Derek DeWitt: That’s a very nice metaphor. So, that’s kind of the state of things as we speak right now in AI, as it is starting to creep, at possibly an accelerated pace, into the everyday world. And like we’ve seen with various communication methods – the web, websites – you know how it is now, if you don’t have a website, I don’t believe you’re a real business. Sorry, dudes.

Josh Bachynski: Yeah.

Derek DeWitt: You know, like, you don’t have a website? I don’t know. Especially like a hotel. A hotel that doesn’t allow me to look at the rooms or book online, I’m not gonna stay there. I’m just not, I’m sorry, I’ve become techie, I guess, in this regard.

Josh Bachynski: Yeah.

Derek DeWitt: And now we see a lot about how, ’cause we’re at this cusp of AI is improving. It’s really starting to, it’s hit this sort of sea change moment where it’s become good enough and smart enough and it’s learning at such a pace, (like you said, it’s getting 90% on the LSAT, some of them), that as a tool, we’re gonna, of course, see more and more people use AI tools for various purposes. And then we have this, we’re sort of on the cusp of someday Web 3.0 is gonna come around, and that’s gonna transform, again, the way that we communicate with each other and how machines communicate with other machines and so on via the internet.

Josh Bachynski: Yes, exactly.

Derek DeWitt: Yeah. We start to see how everything seems like we’re heading towards what one article, that was actually written by a person, I think…

Josh Bachynski: Or so they say!

Derek DeWitt: Or so they said! They gave it a byline. …that we’re heading towards something more like personalized content. And in that, I think we’re kind of maybe a little bit talking about like the movie Minority Report where, you know, you walk in, it scans your eye and goes, hey, how did you like that t-shirt that you bought?

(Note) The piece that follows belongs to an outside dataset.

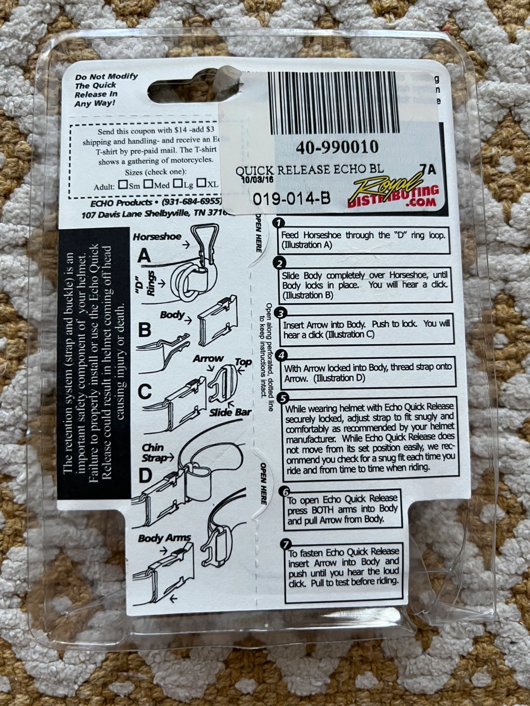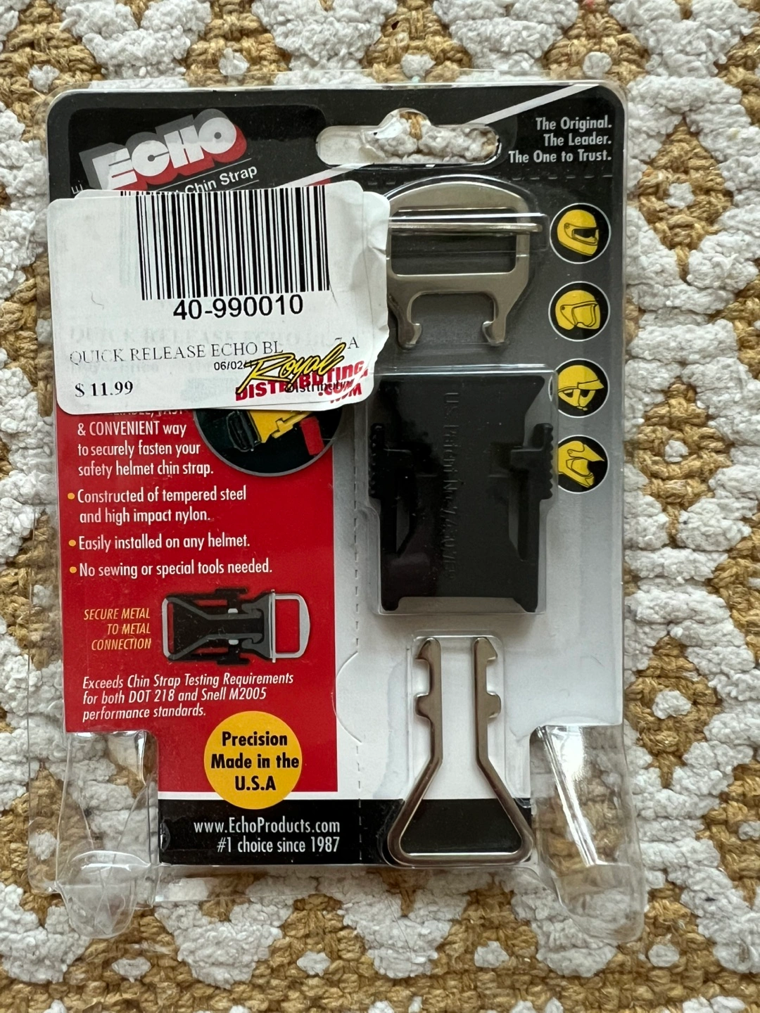 Convenient way to securely fasten your motorcycle helmet strap. Constructed of tempered steel and high impact nylon. Easily installed on any helmet. No sewing or special tools needed. Exceeds chin strap testing requirements. Pick up only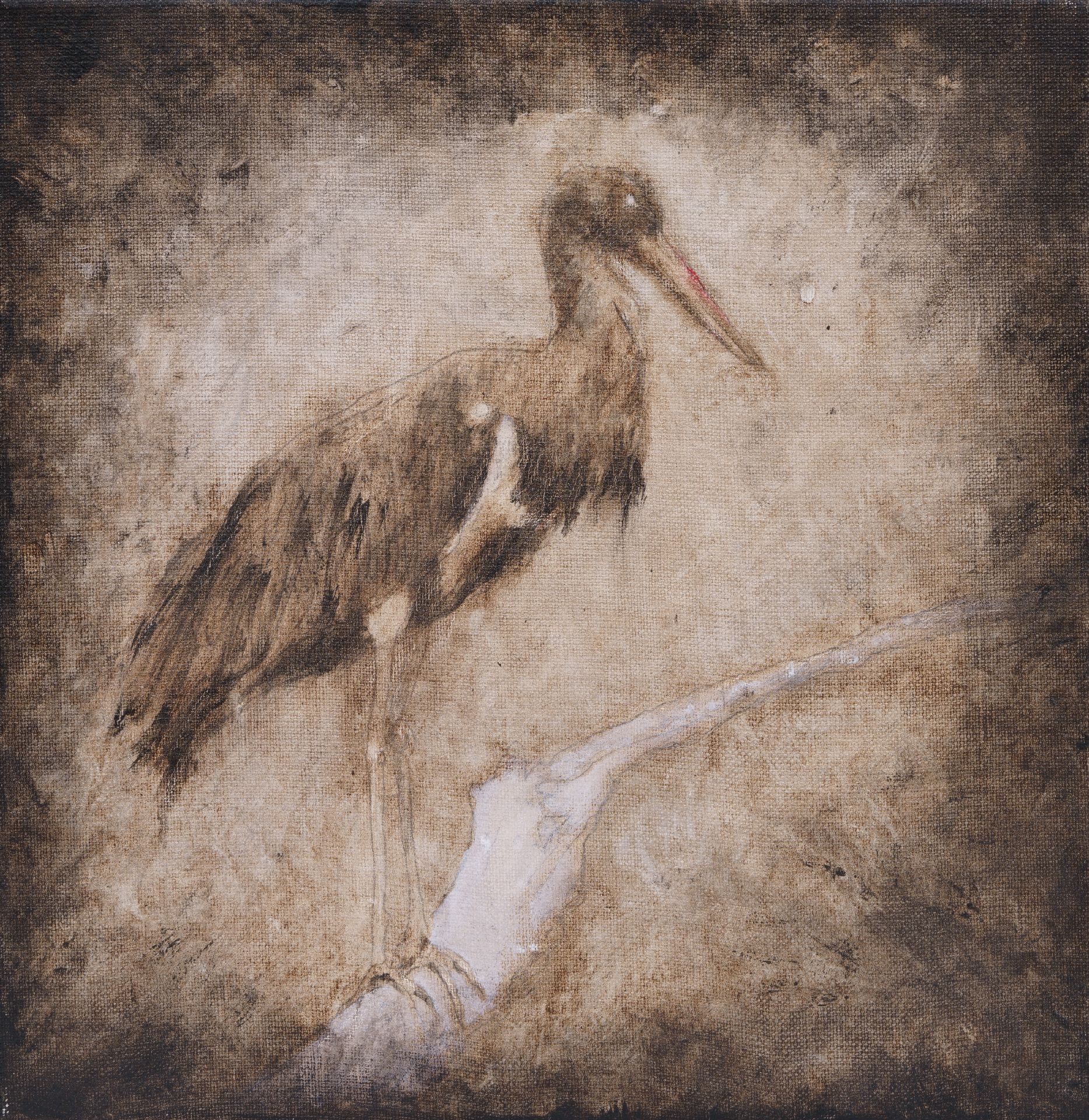 olieverf en acryl op doek 29,8 x 29,8 cm, gesigneerd op spieraam met initialen en gedateerd 2014

And things like this.

But we’re actually talking about a much more sophisticated thing than that. And that’s something, I’m starting to see that there are these, what are being called AI-led models for defining audiences and targeting audiences, acquiring audiences, and finetuning what you communicate to the audience, so that it is relevant and engaging and interesting to every person who walks by.

So like, in the context of digital signage, everybody who walks by the screen…. What does that mean, though? I mean, that’s all very interesting and I read a lot of these articles, but they’re very vague. And I feel like some of these people heard some buzz terms, wrote up something and never really understood it.

Josh Bachynski: Yeah. No, that’s a great question. I can tell you exactly where it’s going. And you’re exactly on the right track in terms of Web 3.0 and decentralization. I have a radical statement for you, but I’ll defend it. The information age is over. The last 20 years has been the information age with a one-horse race of Google being the de facto search feature for the internet, rightly or wrongly, without any democratic control of their somewhat benign (but not really that benign) autocracy.

Now we’re gonna have a multi-horse race of search engines and search agents, for, not the information age anymore. No one’s gonna make ubiquitous information for everybody, or that statistically is gonna be reduced, and it’s become personalized as you kind of mentioned. And we already see that in the FANG. We already see that in Facebook, Amazon, Netflix and Google. They already use your psychometric data, which is what personal data is. I don’t think a lot of people realize that means psychometric data. And this is kind of the scary side of it. And I’m gonna talk to you about how small businesses can use the positive side of this in not a scary way. They already use your psychometric data to grift you out of more money by, you know, certain slices or percentage points every year.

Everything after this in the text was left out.